The Supremes: Student Debt

Following its tradition of recent years, the Supreme Court of the United States spent the last few weeks of June releasing its most controversial decisions of the term. It then adjourned for its usual three-month vacation. This is part of a series of posts analyzing those decisions.
On the last day of the term the Supreme Court ruled 6-3 in Biden v. Nebraska that the Biden administration’s student loan forgiveness plan was unconstitutional. The plan, which would have forgiven up to $20,000 in student debt for borrowers with incomes below $125,000, was based on the Higher Education Relief Opportunities for Students Act (HEROES Act), a 2003 law that allows the government to provide relief to recipients of student loans during a national emergency.
The Supreme Court opinion, written by Chief Justice John Roberts held that the HEROES Act did not authorize the Biden administration to forgive student debt on such a large scale. The opinion argued that the law’s language was too narrow to allow for such broad forgiveness. The court also found that the Biden administration had not met the requirements for issuing waivers and modifications under the HEROES Act.

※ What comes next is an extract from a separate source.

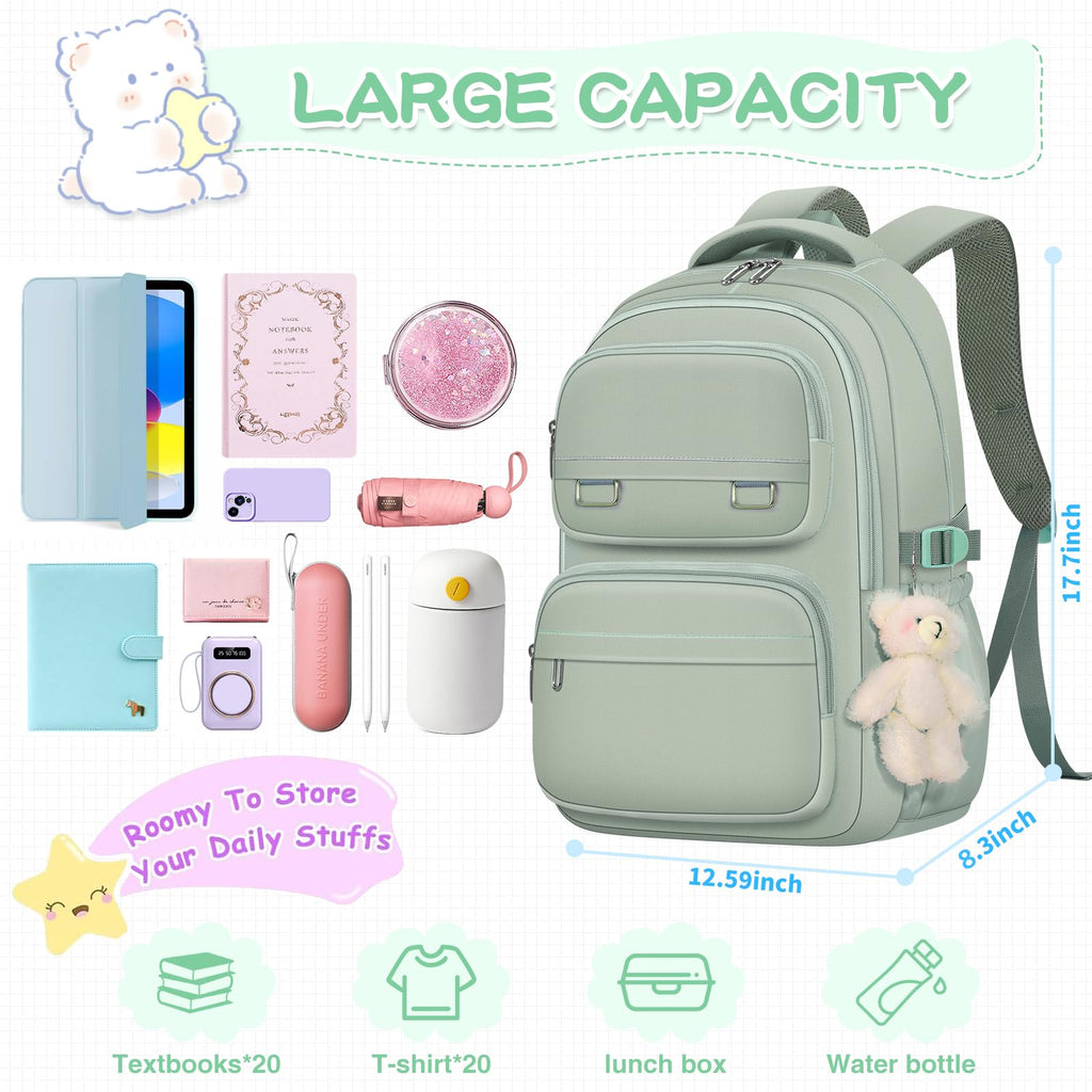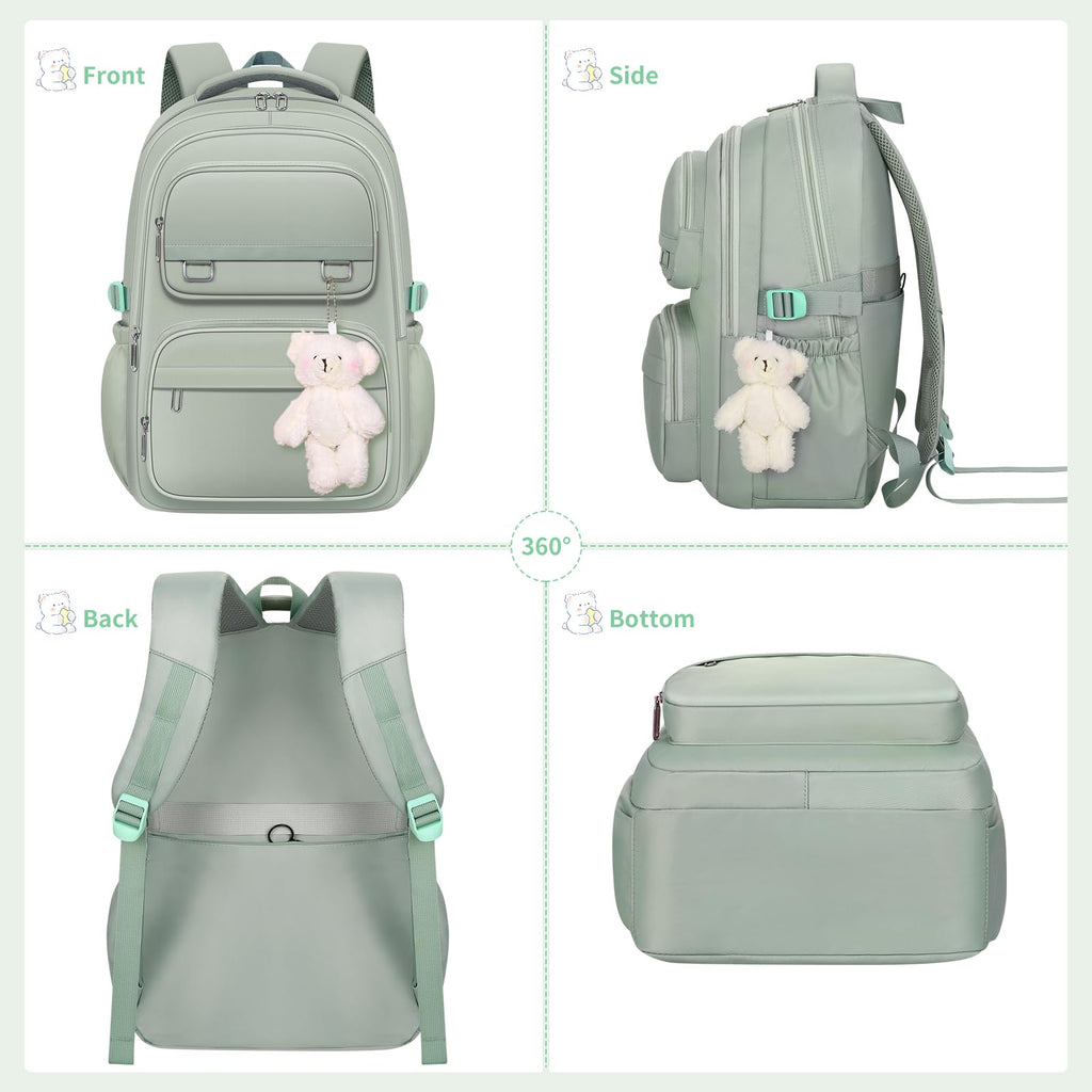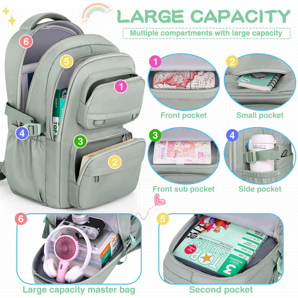 KBTYE School Backpack for Kids Girls Cute Travel Backapck for College Women Men Casual Laptop Bookbag for Teen Student(Green)

Roberts Invokes the French Revolution
The HEROES Act, Roberts wrote, gives the secretary of education the power to “waive or modify” laws and regulations governing the student-loan programs. Roberts said “modify” means to make “modest adjustments and additions to existing provisions, not transform them.” The debt-relief program, Roberts said, instead “created a novel and fundamentally different loan forgiveness program.” The plan “modifies” student-loan laws and regulations, Roberts wrote, “only in the same sense that the French Revolution ‘modified’ the status of the French nobility — it has abolished them and supplanted them with a new regime entirely.”
Roberts rebuked the Biden administration directly, writing, “The question here is not whether something should be done; it is who has the authority to do it.” Roberts invoked the “major questions” doctrine, which is the idea that if Congress wants to give an administrative agency the power to make decisions of vast economic or political significance, it must say so clearly. Here, Roberts said, the HEROES Act did not authorize the debt-relief program at all, much less clearly.
Roberts next took a shot at his liberal colleagues, who joined in a dissent written by Justice Elena Kagan, “It has become a disturbing feature of some recent opinions,” Roberts wrote, “to criticize the decisions with which they disagree as going beyond the proper role of the judiciary.” But this decision, Roberts said, relied on “traditional tools of judicial decision making.” Although “[r]easonable minds may disagree with our analysis, [w]e do not mistake this plainly heartfelt disagreement for disparagement. It is important that the public not be misled either. Any such misperception would be harmful to this institution and our country.”
I must admit to a certain ambivalence when it comes to the student debt problem. I’m not alone in this. While public sentiment learned toward favoring affirmative action and LGBTQ rights, it leans against student loan debt forgiveness. My parents paid for my college tuition, and I am forever grateful for that. I paid my tuition for two graduate degrees. But I did that with the help of government guaranteed loans which were paid off on time as agreed. I do not see why it is fair to forgive the loans of others.
On the other hand, the student loan program has had deficiencies from its start as part of the National Defense Education Act of 1958. It was a cold war era program designed to improve education in response to the Soviet Union’s scientific advances, in particular, the launch of Sputnik, the first man made satellite.
Congress could have created the program within the Treasury Department, which already had similar facilities, and could have accomplished the task at a low cost. But Congress as usual decided to placate the banking industry, so the banks made the loans with the government guaranteeing payment and paying the administrative costs.
There was no incentive to keep costs low or to perform a robust risk analysis on borrowers or the schools that would receive the funds. In many cases borrowers could not refinance if interest rates fell, as they did during the banking crisis beginning in 2008. In addition, a substantial portion of the loans went to “for profit” educational institutions of questionable quality. Many of these schools enticed students with false statistics on job prospects for graduates. A sizable number went bankrupt, leaving the debt still owed to the banks. I do favor assistance for student victims of that fraud.
The Court’s Motive
But the Supreme Court’s decision here had nothing to do with the merits of the student loan program and everything to do with reining in the power of the executive branch. In recent years, the court’s conservative majority has worked to strike down several executive actions, including President Obama’s Deferred Action for Childhood Arrivals (DACA) program and President Trump’s travel ban.
The key point here is that the Court grants itself the power to decide if the guidance Congress has proved is clear and specific enough.
The debate about the balance of power between branches of government has been going on since the days of the farmers. Some argue that Congress is delegating too much power to the executive branch, while others argue that the executive branch needs to be given more flexibility to respond to changing circumstances in modern times. The court’s opinion in this case does nothing to settle this issue.